Renzo Alfani

Personal information
- Full name: Renzo José Ignacio Alfani
- Date of birth: 18 February 1996 (age 30)
- Place of birth: Rosario, Argentina
- Height: 1.86 m (6 ft 1 in)
- Position: Centre-back

Team information
- Current team: Juan Pablo II College
- Number: 25

Youth career
- 2013–2016: Rosario Central

Senior career*
- Years: Team / Apps / (Gls)
- 2016–2018: Rosario Central / 4 / (0)
- 2017–2018: → Villa Dálmine (loan) / 6 / (0)
- 2019: Santos / 22 / (4)
- 2020: Deportivo Municipal / 16 / (2)
- 2021–: Carlos A. Mannucci / 0 / (0)

= Renzo Alfani =

Argentine footballer

Renzo José Ignacio Alfani (born 18 February 1996) is an Argentine professional footballer who plays as a centre-back for Juan Pablo II College.

==Career==
After joining Rosario Central in 2013, Alfani began his senior career with the club in late-2016 when he was an unused substitute for league matches with Olimpo and Lanús; which preceded his professional debut on 18 December during a victory against Belgrano.
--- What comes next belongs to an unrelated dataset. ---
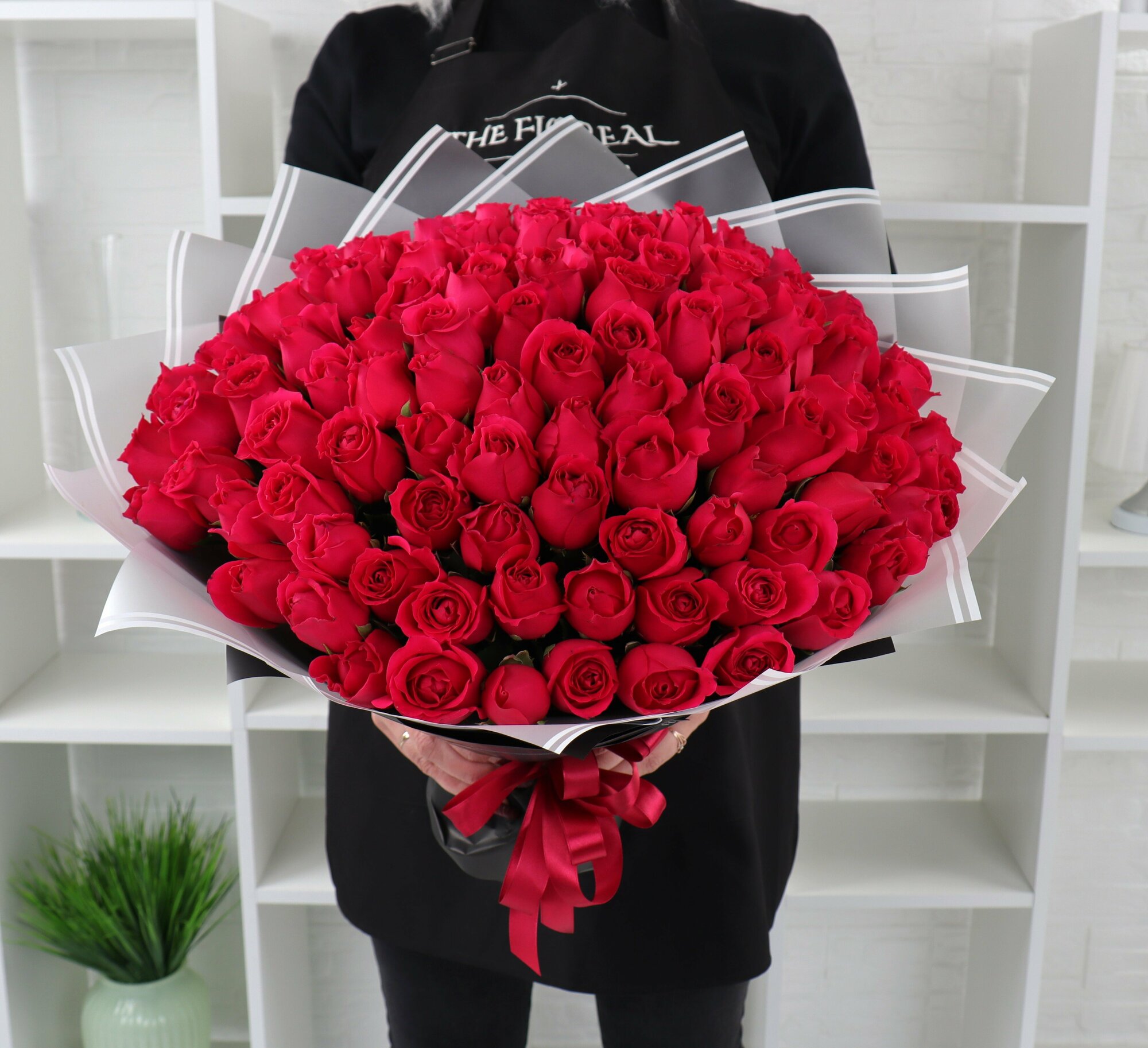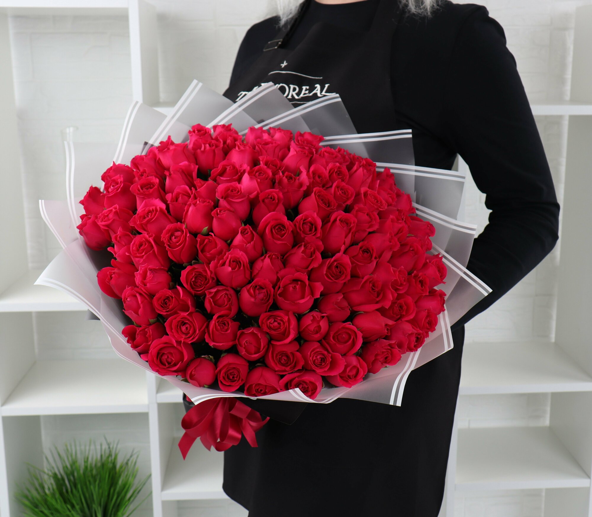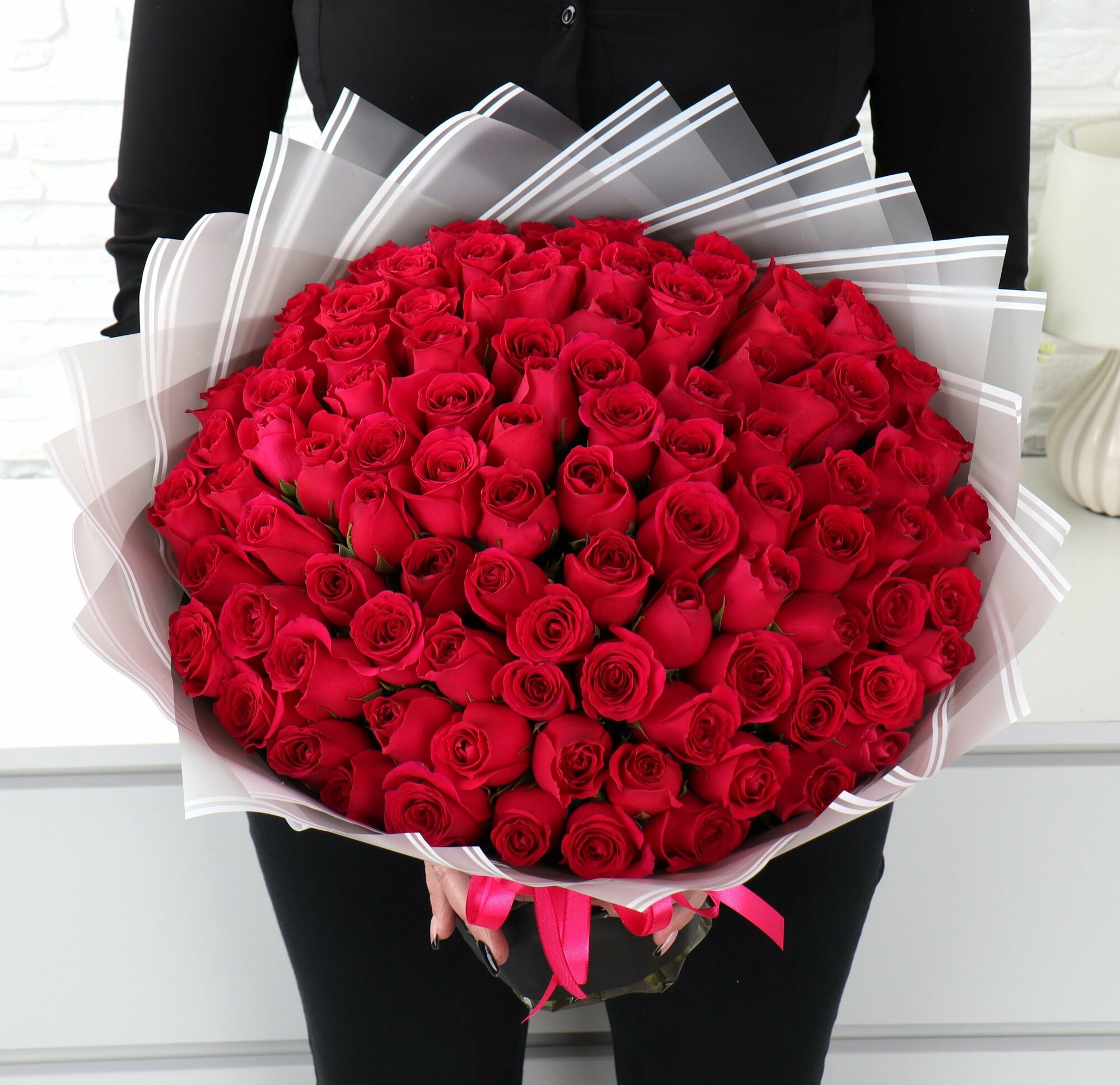 Купить 101 малиновая роза 40см

He subsequently made three further appearances in all competitions during 2016–17. In November 2017, Alfani was loaned to Primera B Nacional team Villa Dálmine. In January 2019, Alfani was announced as a new signing for Santos in the Peruvian Segunda División. He scored his first senior goal on 26 May in a 2–0 win over Atlético Grau.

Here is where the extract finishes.